The treating-source rule generally requires an ALJ to give deference to the opinion of a claimant's treating source. In particular, "[a]n ALJ must give the opinion of a treating source controlling weight if he finds the opinion `well-supported by medically acceptable clinical and laboratory diagnostic techniques' and `not inconsistent with the other substantial evidence in [the] case record.'" Wilson v. Comm'r of Soc. Sec., 378 F.3d 541, 544 (6th Cir. 2004) (quoting 20 C.F.R. § 404.1527(d)(2)); S.S.R. 96-2p, 1996 WL 374188 (1996). And where an ALJ finds that a treating physician's opinion is not entitled to controlling weight, he must then consider the following non-exhaustive list of factors to determine how much weight to give the opinion: (1) "the length of the treatment relationship and the frequency of examination," (2) "the nature and extent of the treatment relationship," (3) the relevant evidence presented by a treating physician to support his opinion, (4) "consistency of the opinion with the record as a whole," and (5) "the specialization of the treating source." Id.; 20 C.F.R. § 404.1527.

In addition, the treating-source rule contains a procedural, explanatory requirement that an ALJ give "good reasons" for the weight given a treating-source opinion. See e.g., Wilson, 378 F.3d at 544; see also S.S.R. 96-2p, 1996 WL 374188, at *5 (providing that a decision denying benefits "must contain specific reasons for the weight given to the treating source's medical opinion, supported by the evidence in the case record"). The purpose of this procedural requirement is two-fold:

The requirement of reason-giving exists, in part, to let claimants understand the disposition of their cases, particularly in situations where a claimant knows that his physician has deemed him disabled and therefore might be especially bewildered when told by an administrative bureaucracy that she is not, unless some reason for the agency's decision is supplied. The requirement also ensures that the ALJ applies the treating physician rule and permits meaningful review of the ALJ's application of the rule.

Wilson, 378 F.3d at 544 (internal quotation marks omitted); see also S.S.R. 96-2p, 1996 WL 374188, at *5.

In this case, the ALJ explicitly stated that Dr. Bannion from Genesys Health, Dr. Werner and Dr. Rapp were all treating physicians. (Tr. 23.) However, he did not give these three doctors' opinions controlling weight. (Id.) Instead, he gave these doctors' opinions "some weight" but assigned "great and/or significant weight" to the examining doctors, and "substantial weight" to DDS consultant Robin Mika:

As for the opinion evidence, the residual functional capacity is based in large part on Dr. Ray, a physical medicine and rehabilitation specialist, who was given great weight for his extensive examination of the claimant. . . . Dr. Kushner, Dr. Schultz, and Dr. Tofaute were all given significant weight for their extensive examinations of the claimant. . . . . The Disability Determination physicians, including Dr.
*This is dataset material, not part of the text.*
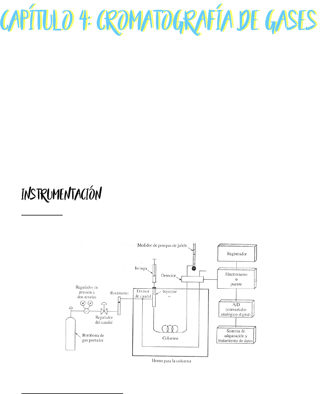 Permite el análisis rápido y exacto de gases, vapores líquidos e identificar los componentes individuales de las mezclas gaseosas. Inició a finales de 1952 y se ha desarrollado notablemente en separación, identificación y determinación de compuestos volátiles (gases y líquidos) de puntos de ebullición de hasta 350-400°C. El método tiene las ventajas de ser sensible, rápido y sencillo, y si se maneja con suficiente cuidado, suministra información cuantitativa exacta con cantidades muy pequeñas de muestra. En cromatografía de gases (GC) la muestra se volatiliza y se inyecta en la cabeza de una columna cromatográfica. La elución se produce por el flujo de un fase móvil de un gas inerte a diferencia de los otros tipo de cromatografía, la fase móvil no interacciona con la moléculas del analito; su única función es la de transportar el analito a través de la columna. Existen dos tipos de cromatografía de gases: la cromatografía Gas-Sólido (GCS) y la cromatografía gas líquido (GLC). Gas portador. Entre los gases portadores deben ser químicamente inertes, se encuentran el helio, nitrógeno y el hidrógeno, con el suministro de gas se encuentran asociados los reguladores de presión, manómetros y medidores de caudal. Además el sistema de gas portador contiene a menudo un tamiz molecular para eliminar el agua u otras impurezas. Figura 1. Regulador de presión de dos niveles. Sistema de inyección de muestra. La eficacia de la columna requiere que la muestra sea de un tamaño adecuado y que sea introducida como un tapón de vapor, la inyección lenta de las muestras demasiado grandes provoca un ensanchamiento de las bandas y una pobre resolución. El método más común de inyección de muestra implica el uso de una micro jeringa para inyectar una muestra líquida o gaseosa a través de un diafragma o de goma de silicona en una cámara de vaporización instantánea situada en la cabeza de la columna (la cámara demuestra normalmente está unos 50°C por encima del punto de ebullición del componente menos volátil de la muestra. Configuración de la columna y del horno para la columna. En cromatografía de gases se usan dos tipos generales de columnas, las rellenas, y las abiertas o capilares. La temperatura de la columna es una variable importante para que un trabajo preciso ha de regularse a las décimas de grado, por ello la columna normalmente se introduce dentro de un horno de temperatura controlada , la temperatura óptima de la columna depende del punto de ebullición de la muestra y del grado de separación requerida. Sistemas de detección. El detector ideal para cromatografía de gases tiene las siguientes características: 1. Sensibilidad adecuada 2. Buena estabilidad y reproducibilidad 3. Respuesta lineal para los solutos que se extienda a varios órdenes de magnitud 4. Intervalo de temperaturas de trabajo comprendido desde la temperatura ambiente hasta al menos 400°C 5. Tiempos de respuesta cortos que sean independientes del caudal 6. Alta fiabilidad y manejo sencillo 7. Respuesta semejante para todos los solutos o por el contrario una respuesta selectiva y altamente predecible para uno o más tipos de soluto 8. No destructivo de la muestra. Tipos de Columnas. Existen dos tipos de columnas, principalmente, de relleno y capilares o semi capilares. Contiene la fase estacionaria y en ella tiene lugar la separación cromatográfica. Las columnas de relleno suelen ser de cobre, acero inoxidable, aluminio, vidrio y teflón; con un diámetro interior entre 2 y 4 mm y una longitud entre 2 y 3 m. La eficacia está en torno a 1.000-2.000 (platos teóricos/m). Suelen emplearse para muestras poco complejas, máximo 10 componentes. La columna está rellena de un material sólido (soporte), finamente dividido y homogéneo; recubierto, por una capa de 0,05-1 μm de espesor, de fase estacionaria líquida. Está configurada en forma helicoidal, con un diámetro de unos 15 cm, para poder ser instalada en el horno termostatizado. Fase estacionaria. La elección de la fase estacionaria de una columna cromatográfica ha de reunir una serie de requisitos como: ● Baja volatilidad, su punto de ebullición debe de ser por lo menos 100°C superior a la temperatura máxima de operación de la columna. ● Estabilidad térmica. ● Cromatografía de gases. ● Inercia química. ● Los valores del factor de capacidad (k´) y del factor de selectividad (α) de los analitos deben estar dentro de los intervalos aconsejados. Columnas capilares. Las columnas capilares son de dos tipos básicos: WCOT, de pared recubierta y SCOT, de soporte recubierto. Las WCOT son simplemente tubos capilares donde la pared interna se ha recubierto con una finísima capa de fase estacionaria. Las columnas SCOT tienen en su parte interna una fina capa de material adsorbente como el empleado en las columnas de relleno donde se ha adherido la fase estacionaria. Las ventajas de las SCOT frente a las WCOT es la mayor capacidad de carga de esta última, ya que en su fabricación se emplean mayores cantidades de fase estacionaria, al ser la superficie de intercambio mayor. Por orden de eficacia, en primer lugar están las WCOT, luego las SCOT y por último las columnas de relleno. Se produce la retención de los analitos en una fase estacionaria sólida como consecuencia de la absorción física. Esta técnica no ha encontrado una gran aplicación excepto para la separación de ciertas especies gaseosas de bajo peso molecular debido a la retención semipermanente de las moléculas activas o polares y a la obtención de picos de elución con colas muy significativas (como consecuencia del carácter no lineal del proceso de adsorción). La cromatografía gas-sólido se basa en la adsorción de sustancias gaseosas sobre superficies sólidas. Los coeficientes de distribución son generalmente mucho mayores que en el caso de la cromatografía gas-líquido. En consecuencia la cromatografía gas- sólido es útil p

Mika were given substantial weight as non-examining physicians with an extensive knowledge of disability requirements. Dr. Bannion, Dr. Rapp, and Dr. Werner, were also given some weight as treating physicians.

(Tr. 23.)

The Court also notes that the ALJ did not, as required, provide "good reasons" for the weight assigned to Plaintiff's treating physicians. Remand is generally warranted when an ALJ fails to give good reasons for the weight assigned plaintiff's treating physicians and fails to evidence that he even considered the weighting factors set forth in 20 C.F.R. § 404.1527. Blakely v. Comm'r of Soc. Sec., 581 F.3d 399, 408 (6th Cir. 2009); Cole v. Astrue, 661 F.3d 931, 938 (6th Cir. 2011) (citing Blakely, 581 F.3d at 408); Rogers, 486 F.3d at 243 ("[A] failure to follow the procedural requirement of identifying the reasons for discounting the opinions and for explaining precisely how those reasons affected the weight accorded the opinions denotes a lack of substantial evidence, even where the conclusion of the ALJ may be justified based upon the record."); Sawdy v. Comm'r of Soc. Sec., 436 F. App'x 551, 553 (6th Cir. 2011) (noting that the course of action for failure to comply with the "good reasons" requirement is now "well charted" in the Sixth Circuit: "when an ALJ violates the treating-source rule, `[w]e do not hesitate to remand,' and `we will continue remanding when we encounter opinions from ALJ[s] that do not comprehensively set forth the reasons for the weight assigned to a treating physician's opinion.'" (quoting Hensley v. Astrue, 573 F.3d 263, 267 (6th Cir. 2009))).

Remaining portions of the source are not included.